Town of Orrville v. S & H Mobile Homes, Inc.

872 So. 2d 856, 2003 Ala. Civ. App. LEXIS 549, 2003 WL 21852005
CourtCourt of Civil Appeals of Alabama
DecidedAugust 8, 2003
Docket2020406
StatusPublished
Cited by6 cases

This text of 872 So. 2d 856 (Town of Orrville v. S & H Mobile Homes, Inc.) is published on Counsel Stack Legal Research, covering Court of Civil Appeals of Alabama primary law. Counsel Stack provides free access to over 12 million legal documents including statutes, case law, regulations, and constitutions.

Bluebook
Town of Orrville v. S & H Mobile Homes, Inc., 872 So. 2d 856, 2003 Ala. Civ. App. LEXIS 549, 2003 WL 21852005 (Ala. Ct. App. 2003).

Opinion

The Town of Orrville ("the Town") filed a complaint on May 10, 1999, against S H Mobile Homes, Inc., and Lula Powell (hereinafter collectively referred to as "the defendants") seeking to enforce the Town's zoning ordinance prohibiting the placement of mobile homes on property within the municipal limits of the Town that is not specifically zoned for mobile-home use. On or about June 1, 1999, Powell requested a variance from the Town's zoning ordinance after the Town filed its complaint to enjoin the defendants from placing a mobile home on property within the Town's municipal limits that was not zoned for mobile-home use; on June 19, 1999, the Town's Board of Adjustments ("the Board") voted unanimously to deny the variance.

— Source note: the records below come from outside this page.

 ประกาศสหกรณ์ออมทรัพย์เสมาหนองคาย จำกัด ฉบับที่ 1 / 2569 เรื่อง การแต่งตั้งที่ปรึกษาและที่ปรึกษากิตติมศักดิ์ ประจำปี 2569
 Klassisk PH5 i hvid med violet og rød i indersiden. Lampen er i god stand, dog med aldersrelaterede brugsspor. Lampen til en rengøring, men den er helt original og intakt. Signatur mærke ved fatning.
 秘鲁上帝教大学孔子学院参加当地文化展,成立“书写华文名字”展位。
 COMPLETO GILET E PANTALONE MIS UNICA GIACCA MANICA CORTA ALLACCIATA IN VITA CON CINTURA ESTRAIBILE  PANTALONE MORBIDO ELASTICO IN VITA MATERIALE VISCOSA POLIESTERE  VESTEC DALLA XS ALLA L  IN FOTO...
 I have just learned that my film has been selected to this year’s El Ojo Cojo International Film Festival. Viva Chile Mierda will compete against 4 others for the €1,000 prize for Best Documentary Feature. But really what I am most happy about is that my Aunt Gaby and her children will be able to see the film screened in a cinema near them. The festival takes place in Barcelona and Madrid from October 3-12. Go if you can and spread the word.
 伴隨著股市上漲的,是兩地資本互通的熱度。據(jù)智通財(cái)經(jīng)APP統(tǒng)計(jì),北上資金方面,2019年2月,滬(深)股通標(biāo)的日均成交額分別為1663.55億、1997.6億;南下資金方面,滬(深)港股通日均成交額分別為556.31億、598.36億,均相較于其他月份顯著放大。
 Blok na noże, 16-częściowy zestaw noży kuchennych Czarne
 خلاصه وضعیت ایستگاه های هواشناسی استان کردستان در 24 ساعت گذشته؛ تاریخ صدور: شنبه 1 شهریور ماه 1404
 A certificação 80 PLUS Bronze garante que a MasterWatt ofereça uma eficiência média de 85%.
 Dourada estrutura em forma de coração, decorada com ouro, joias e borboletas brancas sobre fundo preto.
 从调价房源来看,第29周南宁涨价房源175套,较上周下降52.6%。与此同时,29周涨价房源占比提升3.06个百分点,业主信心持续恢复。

On July 7, 1999, the defendants answered the Town's complaint and counterclaimed, alleging, among other things, that the Town engaged in an intentional discriminatory practice by selectively enforcing the zoning ordinance. The defendants subsequently amended the counterclaim to appeal the decision of the Board pursuant to § 11-52-81, Ala. Code 1975.

On October 6, 1999, the parties filed a joint stipulation in which they agreed, in pertinent part, that all claims asserted by the defendants against the Town were *Page 858 dismissed except the defendants' statutory appeal of the denial of the variance. The parties further stipulated that the issues before the trial court were whether Powell violated the Town's zoning ordinance and whether the Board's denial of Powell's application for a variance was proper. The joint stipulation also listed as the defenses of the defendants the selective enforcement and the unconstitutional application of the Town's zoning ordinance.

The trial court held a hearing on September 25, 2001, and received ore tenus evidence.1 On December 2, 2002, the trial court entered a final judgment in favor of the defendants, in which the trial court denied the Town's request to enjoin the defendants from placing a mobile home on Powell's property. In its judgment, the trial court determined that the Town had selectively enforced its zoning ordinance, and, therefore, had unconstitutionally applied the zoning ordinance. The Town filed a postjudgment motion that was subsequently denied by the trial court. The Town appealed to the supreme court, which transferred the case to this court, pursuant to § 12-2-7(6), Ala. Code 1975.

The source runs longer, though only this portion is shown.